Project Summary/Abstract The gut-brain-microbiota axis is increasingly being recognized as an important mediator of overall health and well-being. Significant changes in mental health status including anxiety, depression and cognitive dysfunctions can occur concurrently with systemic diseases. These include, but are not limited to, irritable bowel syndrome, inflammatory bowel disease, hepatic encephalopathy, and diabetes. Critically, changes in the microbiota have been described to occur during these maladies. Highlighting the importance of the microbiota, changes in diversity due to challenge with a bacterial pathogen can cause stress-induced behavioral changes in adult mice.

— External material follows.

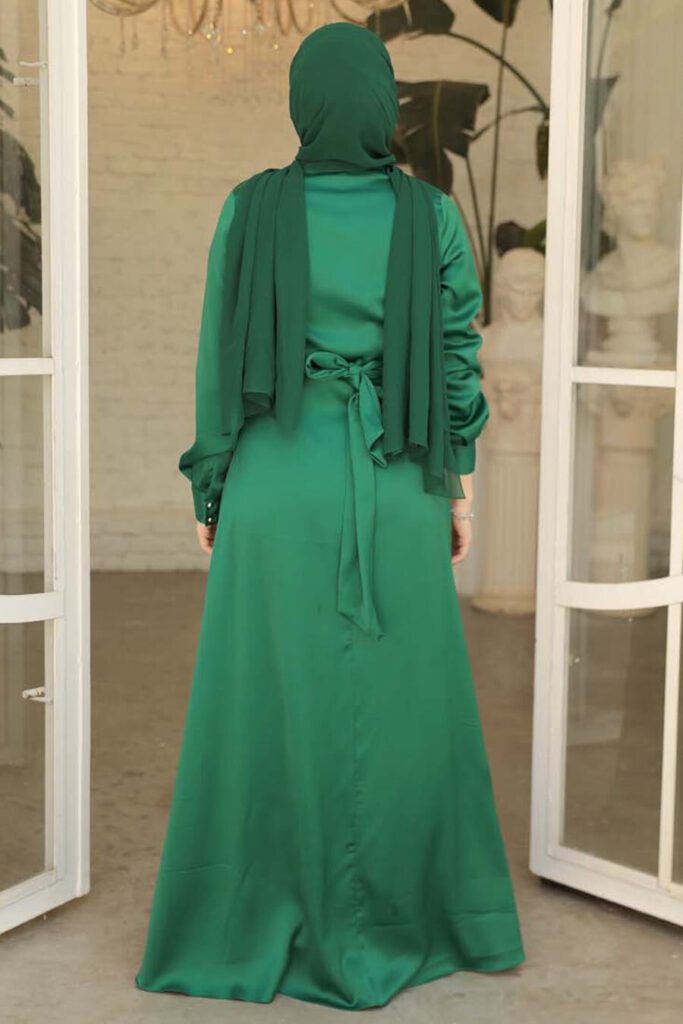 فستان ساتان حجاب أخضر مفصل بأزرار 45661y

While the effects of the microbiota-gut-brain axis on mental health are emerging in adult mouse models, the critical factors responsible for the establishment of the axis during development are currently unknown. Early life is a time of rapid learning and development. Neonates are more susceptible to serious complications arising from challenge with a bacterial pathogen, than adults. Consequently, neonates must be studied appropriately. Exposure to stress in early life in the form of maternal separation is associated with alterations in the microbiota-gut-brain axis in adulthood, well past exposure to the stressor. These alterations include depressive disorders (as measured by anhedonia), anxiety, cognitive deficits, acute stress-mediated intestinal dysfunction, increased susceptibility to chemical-induced colitis, infection with pathogens, and increased ethanol preference, to name a few. Therefore, changes that affect the establishment of the gut-brain-microbiota axis in the neonatal periods may have profound effects, including mental health issues, throughout life. The overall goals of this project are to determine the effect of neonatal manipulation of the microbiota using challenge with a bacterial pathogen on the development of the microbiota-gut-brain axis. This will be achieved via challenge with enteropathogenic E. coli (EPEC) in neonates, with behavioral and cognitive changes assessed in adulthood, assessing potential host microbial factors, and host defense factors including mucosal barrier function and pattern recognition receptors. Completion of these studies will yield important information regarding the development of the microbiota-gut-brain axis and greater understanding of the regulation of key factors in mental health and well-being.

项目摘要/摘要 肠道 - 毛菌轴越来越多地被认为是整体健康和福祉的重要中介者。精神健康状况的重大变化包括焦虑，抑郁和认知功能障碍，可能与全身性疾病同时发生。其中包括但不限于肠易激综合征，炎症性肠病，肝癌和糖尿病。至关重要的是，在这些疾病期间已经描述了微生物群的变化。强调菌群的重要性，由于细菌病原体挑战而导致的多样性变化会导致成年小鼠的压力诱导的行为变化。尽管在成年小鼠模型中，微生物群 - 脑轴对心理健康的影响正在出现，但目前尚不清楚导致轴建立轴的关键因素。 早期生活是一个快速学习和发展的时期。与成年人相比，新生儿更容易受到细菌病原体挑战引起的严重并发症。因此，必须对新生儿进行适当的研究。以母体分离的形式暴露于早期生活中的压力与成年后的微生物群 - 脑轴的改变有关，过去曾暴露于压力源。这些改变包括抑郁症（通过Anhedonia衡量），焦虑，认知缺陷，急性应激介导的肠功能障碍，对化学诱发的结肠炎的易感性增加，病原体感染以及增加的乙醇偏好，仅举几例。因此，在新生儿时期影响肠道脑菌轴的建立的变化可能会产生深远的影响，包括心理健康问题。 该项目的总体目标是使用挑战与细菌病原体挑战对微生物的新生儿操纵对微生物群 - 甲状腺桥轴的发育的影响。这将通过新生儿中的肠病大肠杆菌（EPEC）挑战，在成年期评估行为和认知变化，评估潜在的宿主微生物因子以及宿主防御因素，包括粘膜屏障功能和模式识别受体。这些研究的完成将产生有关微生物核脑轴发展的重要信息，并对对心理健康和福祉关键因素的调节有更多的了解。